When the votes are tallied in Virginia’s race for governor on Tuesday, over 300,000 citizens will be missing from the voting rolls – including 20% of the state’s black population. The reason is not low turnout or voter ID, but a growing and often invisible barrier to voting that is upending elections around the country. Over 5 million Americans are barred from voting because they have criminal records, according to a report this year from the Sentencing Project. The crackdown on ballot access is so intense, a majority of states actually bar former convicts from voting even after they are released from prison. If voting rights were restored to those former inmates, about 4.3 million more Americans would be able to vote.

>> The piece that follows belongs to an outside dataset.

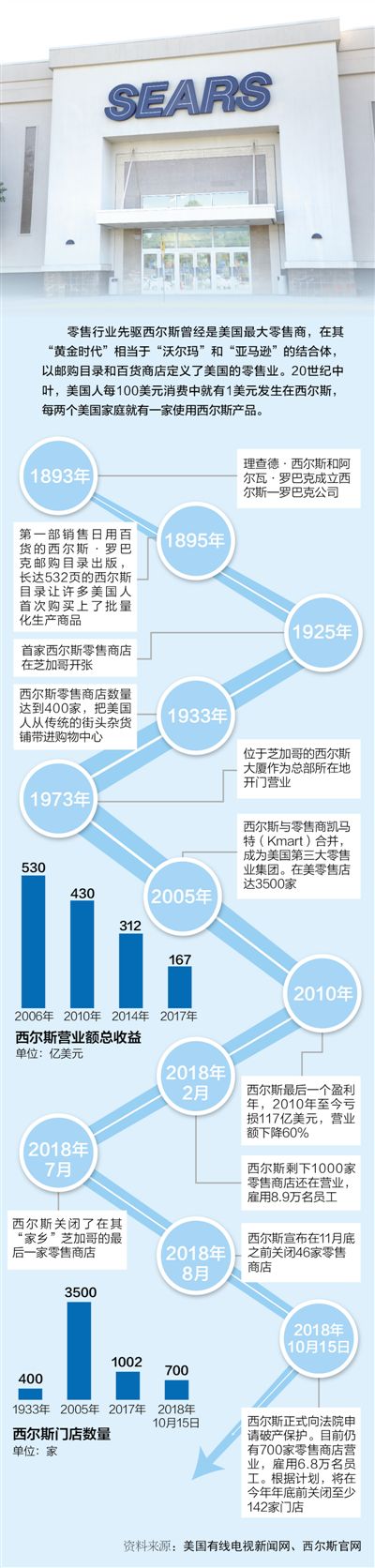 日前,美国西尔斯百货正式向法院申请破产保护。这家百年老店曾是美国零售业的标杆,影响了几代美国人的生活,如今在持续多年业绩不佳和债台高筑后走向破产,再次引发美国各界关于实体零售店如何在互联网经济时代生存的思考与讨论。

That is over three times margin of victory in the last House midterm elections.
“You have this chunk of voters that’s not there,” explains NBC News political director Chuck Todd. “When you see the decisions that have been made on this issue – and a lot of voting access issues – it’s clear that political partisans are operating on what’s best for their own party’s cause, period,” says Todd.
Researchers have found that restrictions on voting by ex-felons “tend to take more votes” from Democrats – and that universal suffrage could change the outcome in Senate and presidential elections.
Focusing only on the electoral impact, however, can distract from the fundamental rights at stake.
“If you care about this issue – and you believe this issue of felony rights is about full restoration of rights after you’ve paid your penalty to society,” says Todd, “then [put aside] these studies. Who cares the political impact – it shouldn’t matter.”